### Work order
Transcribe the whole listing below without changing a word, but leave out every image.

### Source material
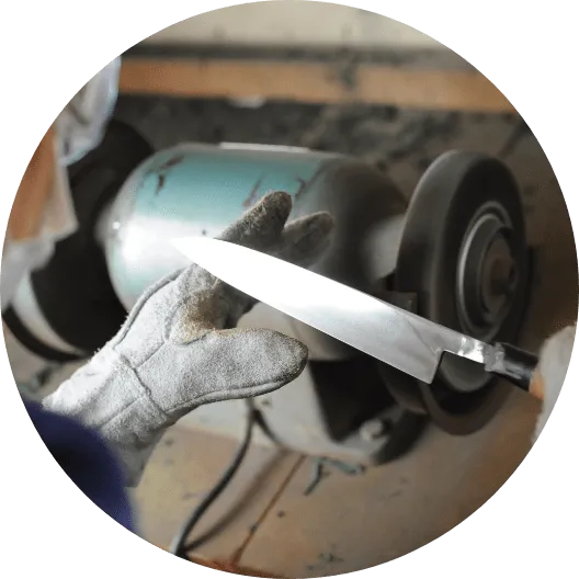 目の粗い砥石で、始めに研ぎ板に包丁を挟み、大まかに鋼を研ぎ出します。それから手に持って、微妙な手先の調節によりハガネを均一に研ぎ出します。
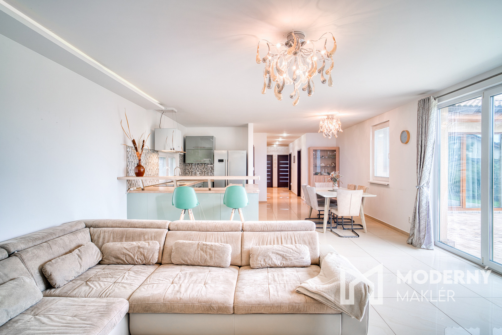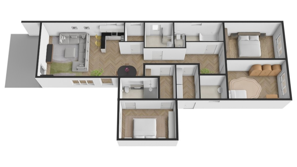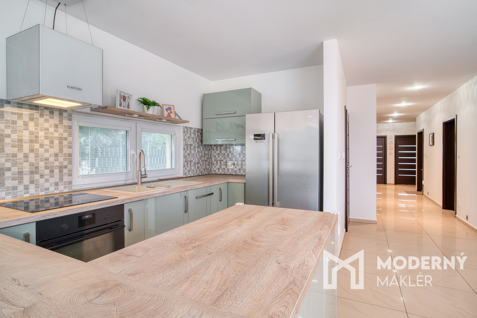 Za vstupnými dverami vás privíta praktická predsieň, odkiaľ sa vstupuje do samostatného WC a hlavnej chodby, ktorá prepája všetky časti domu. K dispozícii sú dve samostatné izby, kúpeľňa, technická miestnosť a praktická špajza – ideálna na každodenné uskladnenie potravín. Dominantou domu je spálňová časť, do hlavnej spálne sa vchádza cez priestranný šatník so vstavanou šatníkovou skriňou s posuvnými dverami. Bonusom je priľahlá menšia izba s možnosťou vybudovania vlastnej rodičovskej kúpeľne. Zo spálne vedie priamy výstup na terasu – ideálne miesto na oddych či rannú kávu. Srdcom domu je vzdušný, otvorený priestor kuchyne spojenej s jedálňou a obývacou izbou, ktorý prirodzene prepája rodinný život. Aj z tejto časti je možný priamy vstup na terasu, ktorá je orientovaná na juhovýchod – perfektná poloha na vychutnanie si prvých ranných lúčov pri šálke kávy.
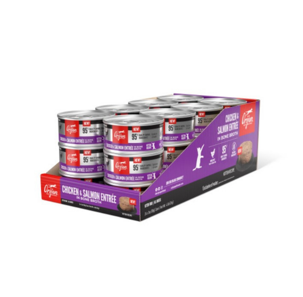 - Twenty Four (24) 3 oz cans of ORIJEN Kitten Chicken and Salmon Entree in Bone Broth Wet Cat Food

### Exercise output
 目の粗い砥石で、始めに研ぎ板に包丁を挟み、大まかに鋼を研ぎ出します。それから手に持って、微妙な手先の調節によりハガネを均一に研ぎ出します。
 Za vstupnými dverami vás privíta praktická predsieň, odkiaľ sa vstupuje do samostatného WC a hlavnej chodby, ktorá prepája všetky časti domu. K dispozícii sú dve samostatné izby, kúpeľňa, technická miestnosť a praktická špajza – ideálna na každodenné uskladnenie potravín. Dominantou domu je spálňová časť, do hlavnej spálne sa vchádza cez priestranný šatník so vstavanou šatníkovou skriňou s posuvnými dverami. Bonusom je priľahlá menšia izba s možnosťou vybudovania vlastnej rodičovskej kúpeľne. Zo spálne vedie priamy výstup na terasu – ideálne miesto na oddych či rannú kávu. Srdcom domu je vzdušný, otvorený priestor kuchyne spojenej s jedálňou a obývacou izbou, ktorý prirodzene prepája rodinný život. Aj z tejto časti je možný priamy vstup na terasu, ktorá je orientovaná na juhovýchod – perfektná poloha na vychutnanie si prvých ranných lúčov pri šálke kávy.
 - Twenty Four (24) 3 oz cans of ORIJEN Kitten Chicken and Salmon Entree in Bone Broth Wet Cat Food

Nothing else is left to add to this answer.